— Work to be completed —
Could you give the entries back exactly as they stand, minus any pictures?

---+---

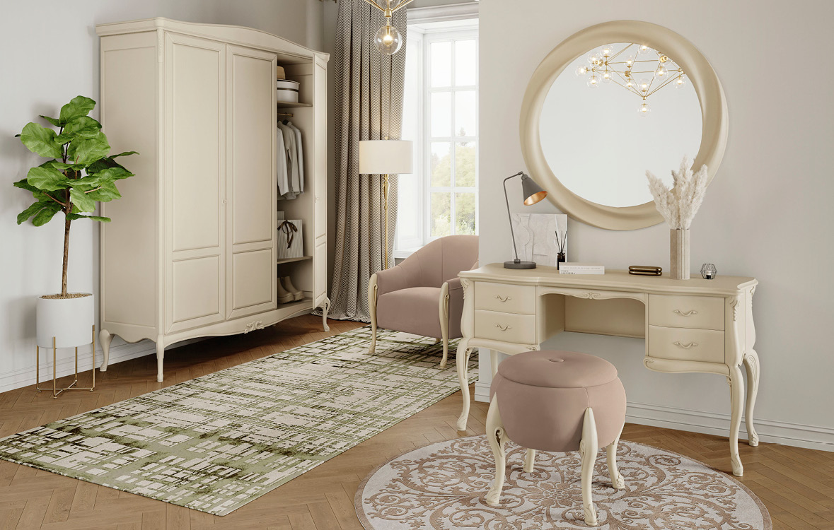 Con colori come il moka, il pesca, il blu, il cipria opaco e l'accostamento di foglia oro e argento, il design esclusivo di ogni pezzo sboccia in un fascino unico e distintivo. Le essenze di legno si fondono armoniosamente con queste tonalità, creando atmosfere romantiche e sofisticate.
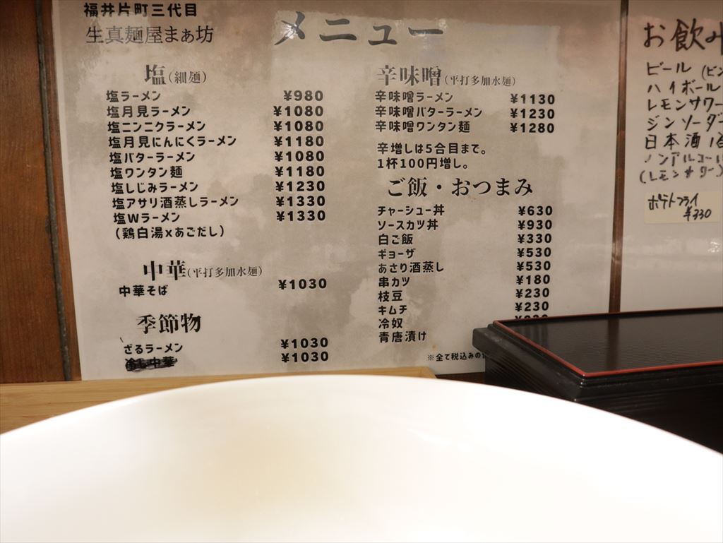 まぁ坊らーめん。めちゃくちゃ美味いそうです。これまで〆のラーメンと言えば「いちろくらーめん」一択でしたが、新しい選択肢としての期待感もあり初訪問。息子さんとそのお母さんとの2人運営。
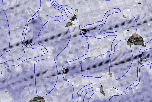 When the 2D flow patterns are observed, as per the velocity arrows in the image below, the water appears to be “cascading” down the roads. Along the flat areas the velocities are low, and where the elevations suddenly drop to the next flat section the velocities are high, thereby creating the cascading effect.
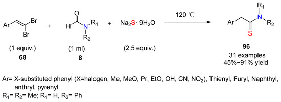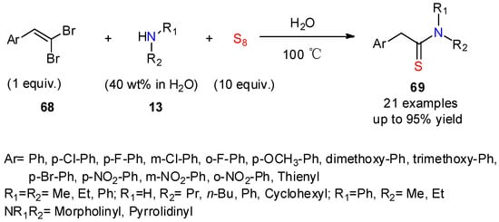 In 2021, Gururaja and co-workers reported the use of gem-dibromostyrenes as substrates in a catalyst-free, three-component reaction in aqueous medium leading to 2-arylethanethioamides 69 (Scheme 27) [49]. As in the case of aldehydes as substrates mentioned earlier (Scheme 5), water is essential for the thioamidation, which could be applied to a variety of aliphatic amines.
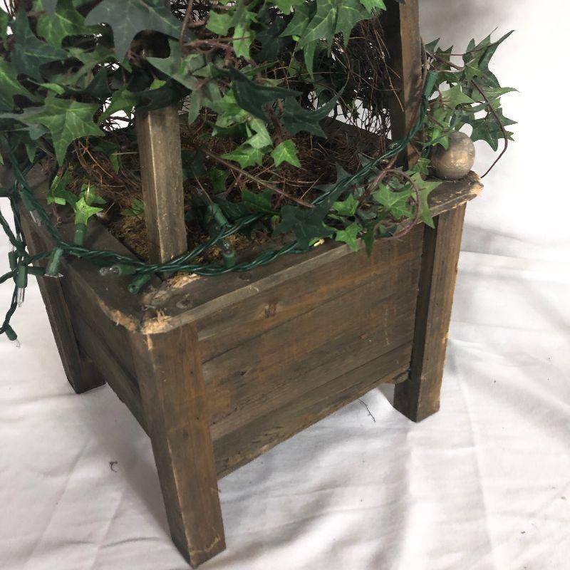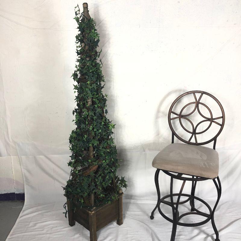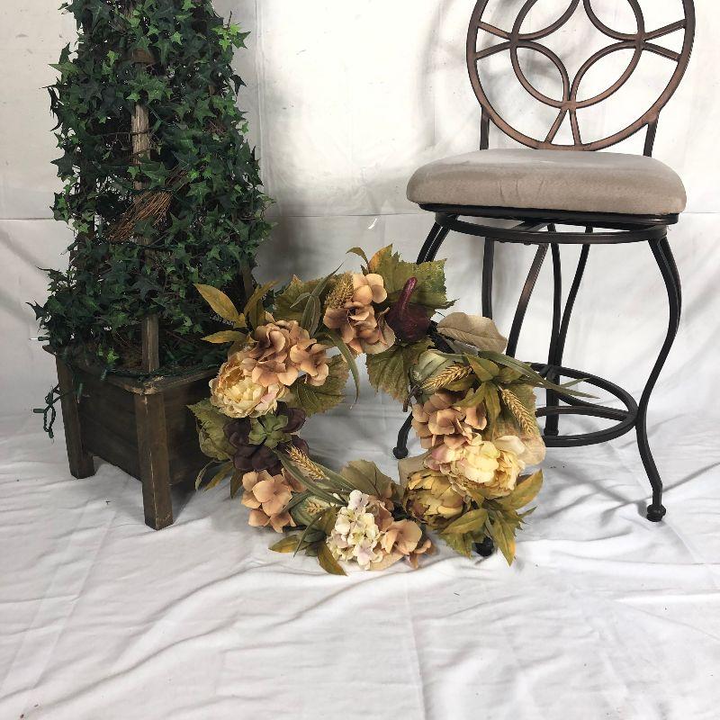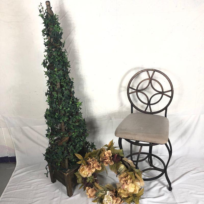 Metal Bar stool with fabric seat is 25" High - Pre lit Topiary Tree (not all lights work, wear to corners of wood) - Floral wreath
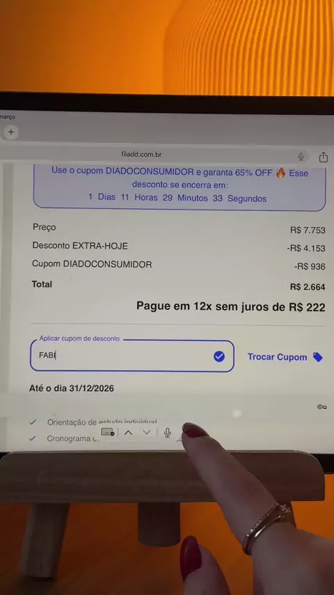 Esse é o maior desconto que a Filadd já liberou e dá pra usar em qualquer plano!!! Além do desconto da turma especial de volta às aulas, o cupom FABI25 garante mais R$1.200 OFF, chegando a 55% de desconto no valor total do curso.
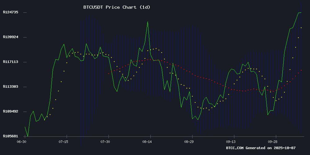 根据BTCC交易平台数据,截至2025年10月7日,BTC/USDT报价124,848.51美元,较20日均线116,355.80美元呈现明显多头排列。日线级别MACD指标金叉后持续发散,显示上涨动能充沛。关键阻力位126,370.40美元已被有效突破,这为后续上涨打开了空间。
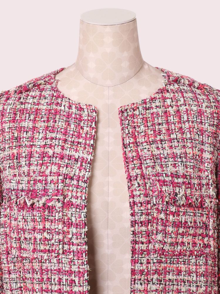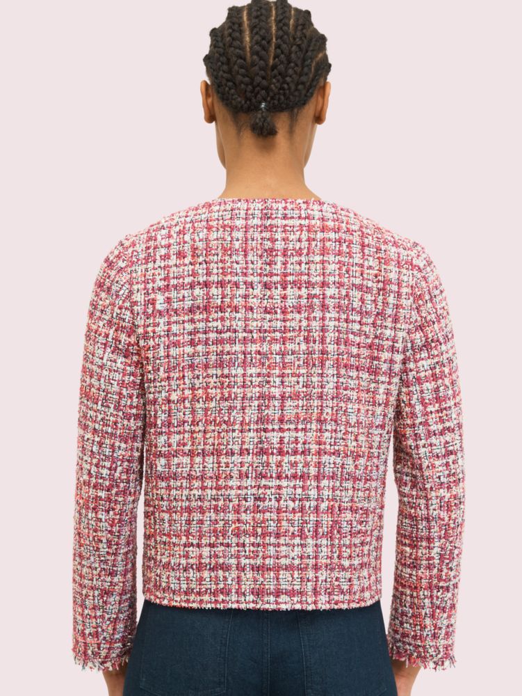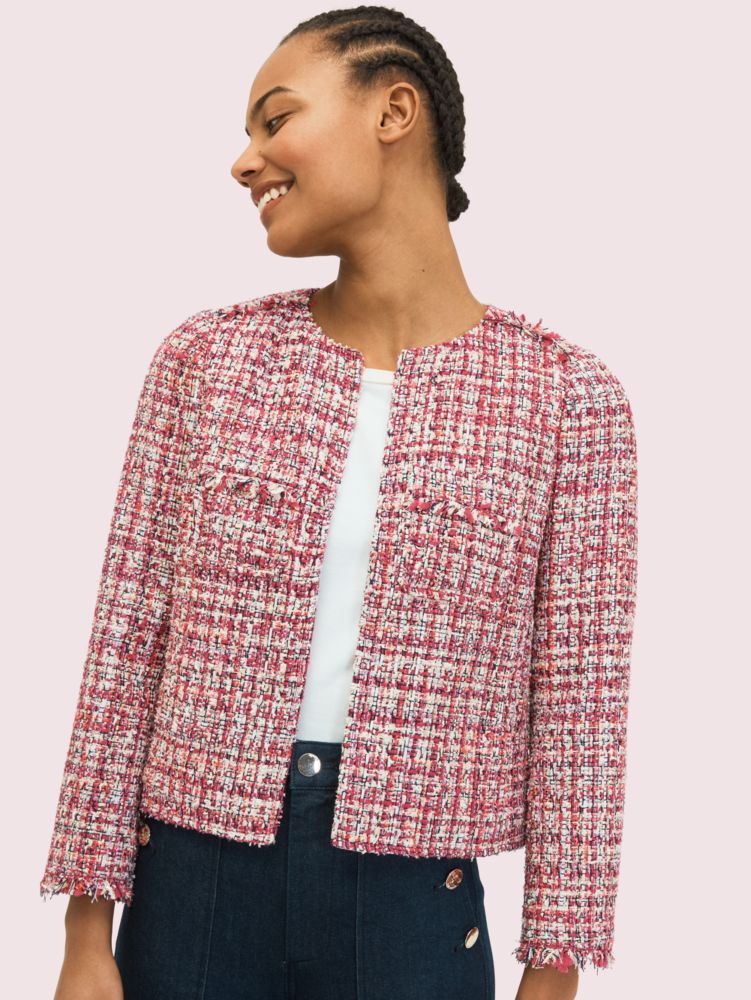 a classic tweed jacket reimagined in pops of pink and metallic gold thread. fringed edges and chest pockets will make this cropped style your go-to layer for dresses, blouses, tees...

---+---

— Your solution —
 Con colori come il moka, il pesca, il blu, il cipria opaco e l'accostamento di foglia oro e argento, il design esclusivo di ogni pezzo sboccia in un fascino unico e distintivo. Le essenze di legno si fondono armoniosamente con queste tonalità, creando atmosfere romantiche e sofisticate.
 まぁ坊らーめん。めちゃくちゃ美味いそうです。これまで〆のラーメンと言えば「いちろくらーめん」一択でしたが、新しい選択肢としての期待感もあり初訪問。息子さんとそのお母さんとの2人運営。
 When the 2D flow patterns are observed, as per the velocity arrows in the image below, the water appears to be “cascading” down the roads. Along the flat areas the velocities are low, and where the elevations suddenly drop to the next flat section the velocities are high, thereby creating the cascading effect.
 In 2021, Gururaja and co-workers reported the use of gem-dibromostyrenes as substrates in a catalyst-free, three-component reaction in aqueous medium leading to 2-arylethanethioamides 69 (Scheme 27) [49]. As in the case of aldehydes as substrates mentioned earlier (Scheme 5), water is essential for the thioamidation, which could be applied to a variety of aliphatic amines.
 Metal Bar stool with fabric seat is 25" High - Pre lit Topiary Tree (not all lights work, wear to corners of wood) - Floral wreath
 Esse é o maior desconto que a Filadd já liberou e dá pra usar em qualquer plano!!! Além do desconto da turma especial de volta às aulas, o cupom FABI25 garante mais R$1.200 OFF, chegando a 55% de desconto no valor total do curso.
 根据BTCC交易平台数据,截至2025年10月7日,BTC/USDT报价124,848.51美元,较20日均线116,355.80美元呈现明显多头排列。日线级别MACD指标金叉后持续发散,显示上涨动能充沛。关键阻力位126,370.40美元已被有效突破,这为后续上涨打开了空间。
 a classic tweed jacket reimagined in pops of pink and metallic gold thread. fringed edges and chest pockets will make this cropped style your go-to layer for dresses, blouses, tees...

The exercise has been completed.